Just a brief comment: 

I don't think one needs reply with a sneer.  Rather than: "Well, if you
can't see that THE BALD PRIMA DONNA (not a big fan of Beckett so I'll change
from WAITING FOR GODOT) is high quality art, God help you," perhaps one just
says: "If ... etc.. .then, I'm sorry, but I think it is."   What more can
one say after all?

DA


-----Original Message-----
From: Tom McCormack [mailto:[email protected]] 
Sent: Tuesday, 13 November 2012 9:56 AM
To: [email protected]
Subject: Error and quality

Underlying Michael's question -- Why is it people can't distinguish between
"mediocrity" and  "high quality" in "Art" -- is the assumption that there is
a "fact of the matter" about the "quality" in any given work.

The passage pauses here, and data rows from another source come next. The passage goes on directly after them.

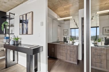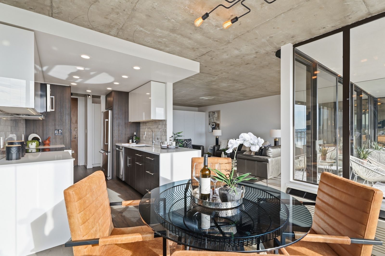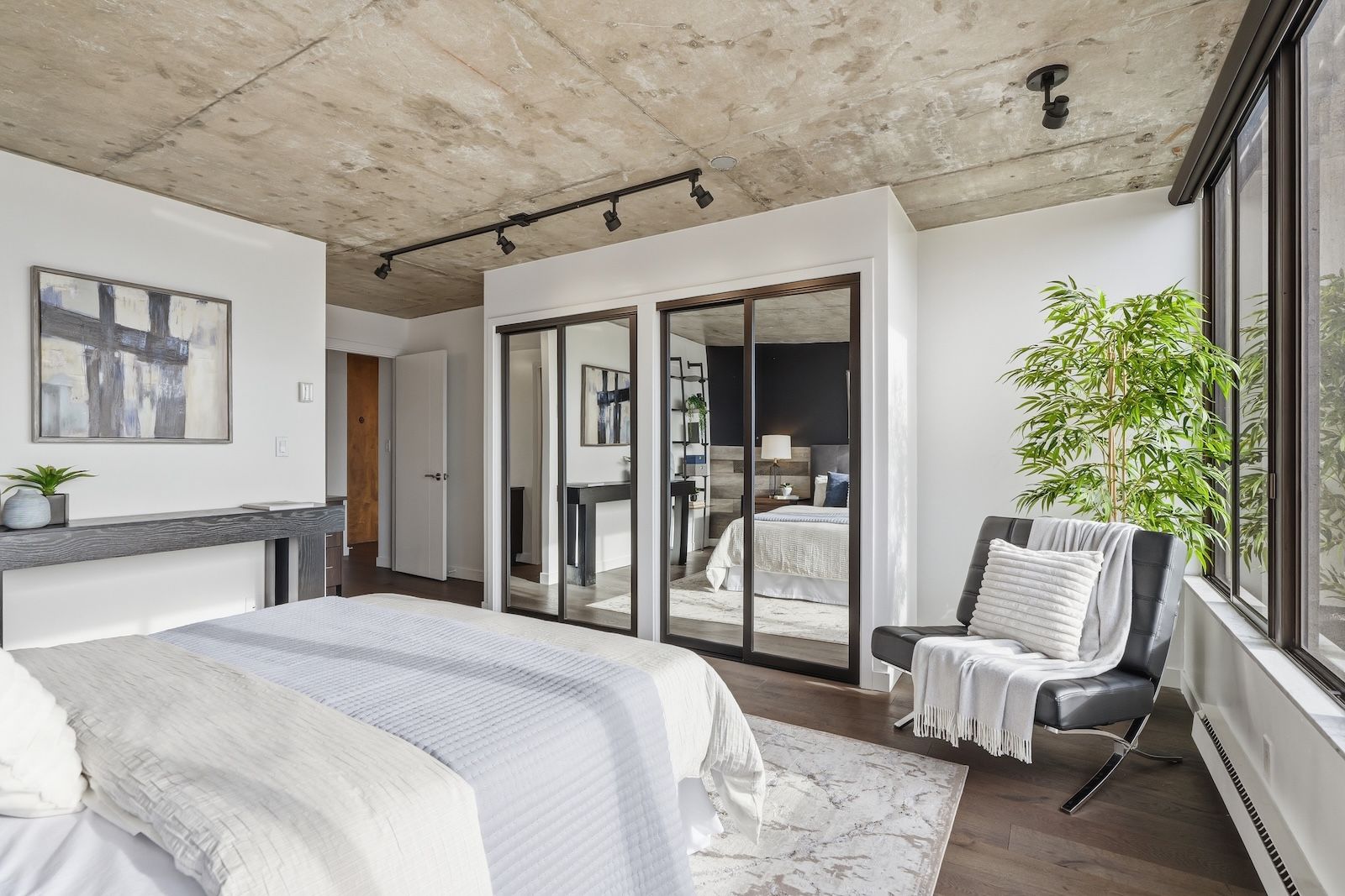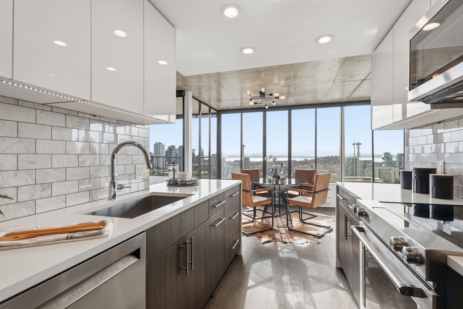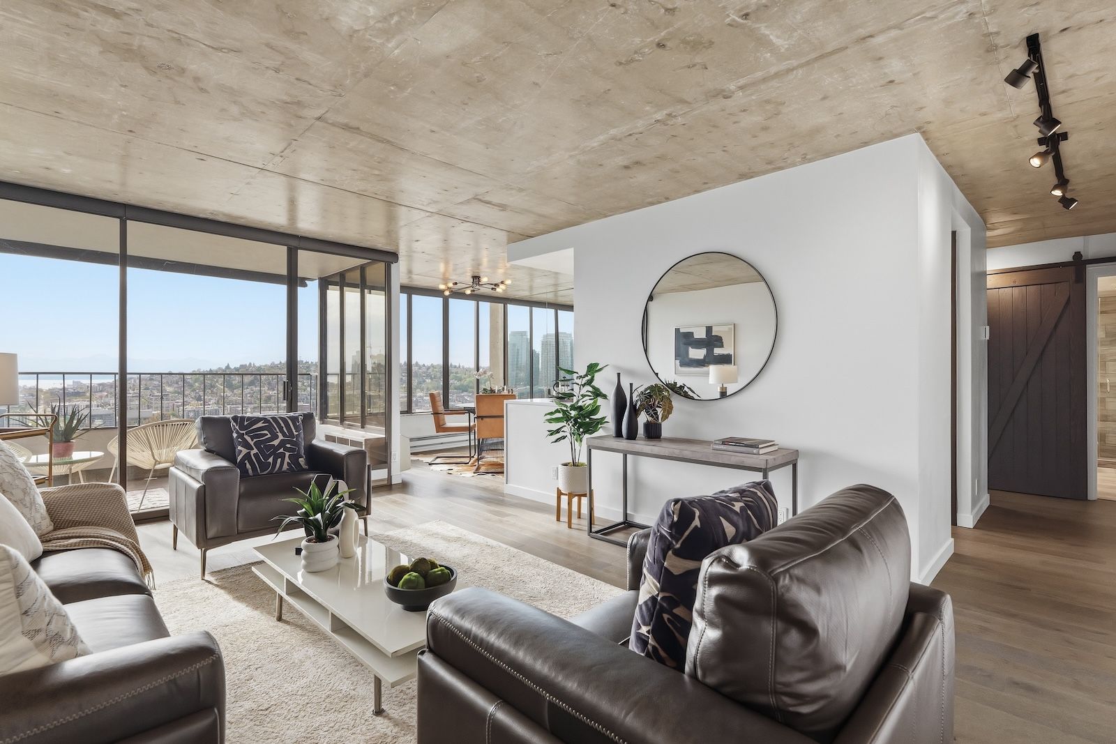 A true unicorn resale at The Shannon: this is not your typical condo. Taken down to the shell and reimagined with a striking industrial-modern aesthetic, this one-of-a-kind 2 bedroom, 1.75 bathroom unit with the building's most sought-after B floor plan pairs exceptional views with a level of design and finish rarely found anywhere. Wake up to sweeping outlooks of the downtown skyline, Space Needle, Lake Union and Elliott Bay, then step onto your large private deck to take it all in. Inside, nearly every surface has been elevated with intention: polished concrete ceilings, walls of glass, quartz countertops, marble subway tile, custom built-ins with integrated outlets, custom closets, updated lighting, and beautifully renovated bathrooms. Warm, dramatic and completely distinct from standard inventory. Fantastic light and air flow, plus built-in A/C units to keep you cool. Solid concrete construction delivers the kind of quiet that has to be experienced. The practicalities match the vision: the HOA covers all utilities including electricity and internet, has no rental cap, and offers fantastic amenities to residents: secure parking, storage, indoor heated pool, sauna, fitness center, and ample guest parking for when friends come to visit. Walkable access to Capitol Hill's best restaurants, and an easy stroll downtown complete the picture. The Shannon offers a rare blend of privacy, quiet, amenities and long-term appeal for the urban dweller who wants to have it all.
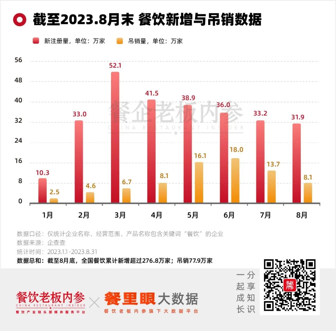 可就在这两个月,企查查数据显示,餐饮新增数据还在飙升:7、8两个月,餐饮新注册65.1万家,截至8月底,全国餐饮累计新增超过276.8万家!
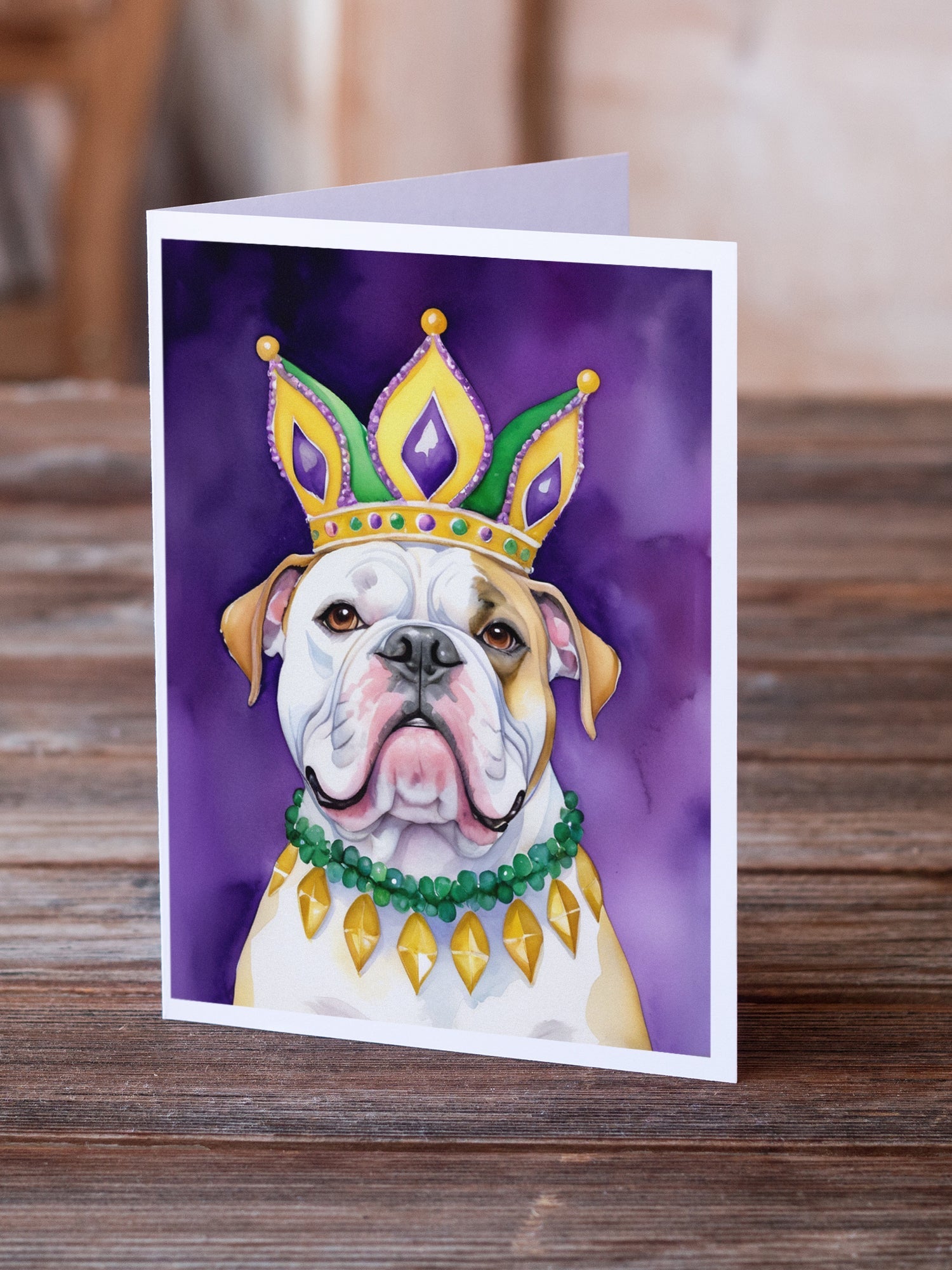 Decorate your space with our Mardi Gras American Bulldog artwork on a . Celebrate special moments with Caroline's Treasures Printed Greeting Card Pack. This pack includes eight beautifully folded 5x7 cards, accompanied by eight matching white envelopes. With blank interiors, these cards provide ample space for your personalized messages and heartfelt holiday greetings. Each card features captivating full-color artwork, meticulously printed in our facility on high-quality 80 lb cover stock or 216 GSM. The super smooth finish of the white cards enhances the visual impact of the artwork, creating a truly stunning presentation. Designed by our talented in-house artists or licensed artists, the artwork on these cards showcases their creativity and attention to detail. From vibrant illustrations to captivating designs, each card tells its own unique story. Whether it's for birthdays, anniversaries, holidays, or any special occasion, Caroline's Treasures Greeting Card Pack is the perfect way to convey your heartfelt sentiments. Share joy, love, and warm wishes with these exquisite cards and make every moment unforgettable.

"Sophisticated" people regularly assume there is such a "fact of the
matter", and usually their response to anyone who disagrees is a sneer:
"Well, if you can't see that WAITING FOR GODOT is high quality art, God help
you."

If such a savant does move beyond sneer to specifying alleged evidence, the
evidence always can be ultimately exposed  as a stipulation and not a
mind-independent  "fact of the matter". Even then the stipulation is usually
vulnerable to reasonable dispute. Take Michael's suggested example -- great
replication. When "is" something "great replication"?